それはぶつかってきた大量の水を片っ端から蒸発させてしまう。レイモンドさんのいた場所からもくもくと真っ白な蒸気が立ち上っていく。
なんて威力の魔法だろう。リンクスくんが使っている魔法でも、ここまでの火力のものはみたことがない。
「すごい……!」
「感心してる場合じゃないよ。あそこらへんは地盤が強いっていっても、あれだけの魔法をずっと発動させてたらさすがに持たない」
リオンさんの言葉通り、れいもんどさんの周囲の岩場は徐々に融解をはじめていた。
その魔法のコントロールの賜物か、周囲の植物に火が移って山火事になることはないみたいだけど、このまま続ければ影響は避けられそうになかった。
「ぶへっくしょん!」
レイモンドさんがくしゃみをすると、炎の竜がみじろぎをする。
炎の尻尾が山の斜面にあたり、地面を溶かして、巨大な爪痕を残していく。
「あの、バカジジイ!」
「おっといかんいかん」
すぐに制御を取り戻したけど、急いだ方がいいのは確かなようだ。
「リオンさん行きましょう」
「ああ!」
私たちは水の中に飛び込んだ。
リオンさんは上層に待機してもらって、私だけ潜っていく。
火の魔法しか使えないリオンさんたちでは動きでも威力の面でも水の中での戦いは不利だ。水の影響を無視できるほどの高威力で相手を仕留めてしまえば勝てるらしいが、その場合、ダムへの影響が無視できなくなる。だから、私が水の影響の少なく、魔法の威力を発揮しやすい、水面付近まで誘導する。

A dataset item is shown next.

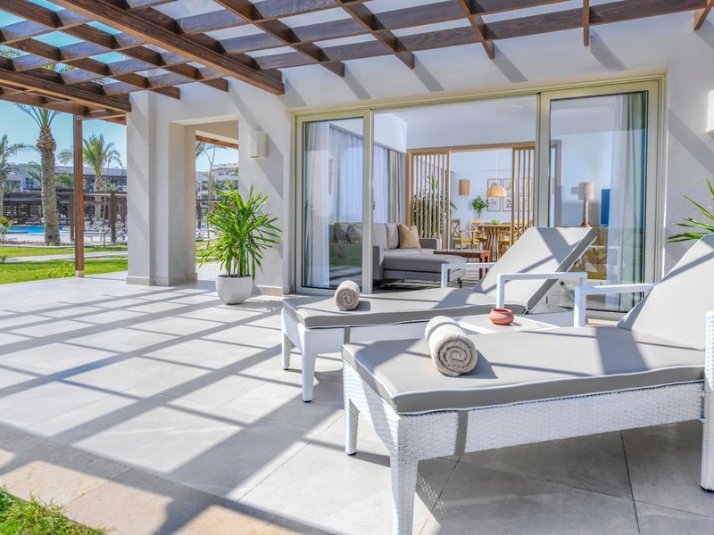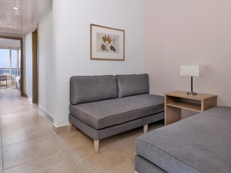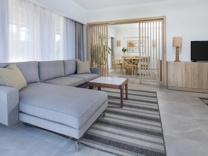 - Deluxe Family Room Pool Sea View (DZX3), Doppelzimmer, Nichtraucherzimmer, Meerseite, Poolseite, Meerblick, Poolblick, Blick auf Pool and sea, ca. 45 - 45 m², Gesamtanzahl der Räume in diesem Zimmertyp: 1, Aufteilung wie folgt: kombiniertes Wohn-/Schlafzimmer, 2 Einzelbetten (120x200cm), 1 Queen Size Bett (180x200cm), 2 Schlafsofas (85x190cm), Babybett: ohne Gebühr, Klimaanlage: ohne Gebühr, Januar - Dezember, individuell regelbar, kalt, Fußboden: Fliesenboden, Safe: ohne Gebühr, Sofa, Kaffee-/Teezubereiter, Wasserkocher, Minibar: gegen Gebühr, Softdrinks: ohne Gebühr, Wasser: ohne Gebühr, alkoholische Getränke: gegen Gebühr, Snacks: gegen Gebühr, Minibarauffüllung: täglich, Telefon, Internet: WLAN/WiFi: ohne Gebühr, Fernseher: Flatscreen, deutsches Programm, Sat-TV, Roomservice: täglich, gegen Gebühr, Reinigungsservice: täglich, ohne Gebühr, Dusche, WC, Bademantel: ohne Gebühr, Slipper: ohne Gebühr, Föhn, Kosmetikspiegel, Terrasse: mit Sitzgelegenheit

サンショウウオ型のゴーレムは私を待ち構えるように、水底から光る目で睨んでいた。
『悪いニュースだ。あのゴーレムの材質を特定できたが、周囲の岩盤よりも相当に硬い』
それはつまり、剣で斬ると余波で周囲への影響が避けられないってことだった。
『光波』は当然使えない。普通に斬るならうまくやれば……というところだけれど、ぶっつけ本番でミスしてダムを崩壊させたら目も当てられない。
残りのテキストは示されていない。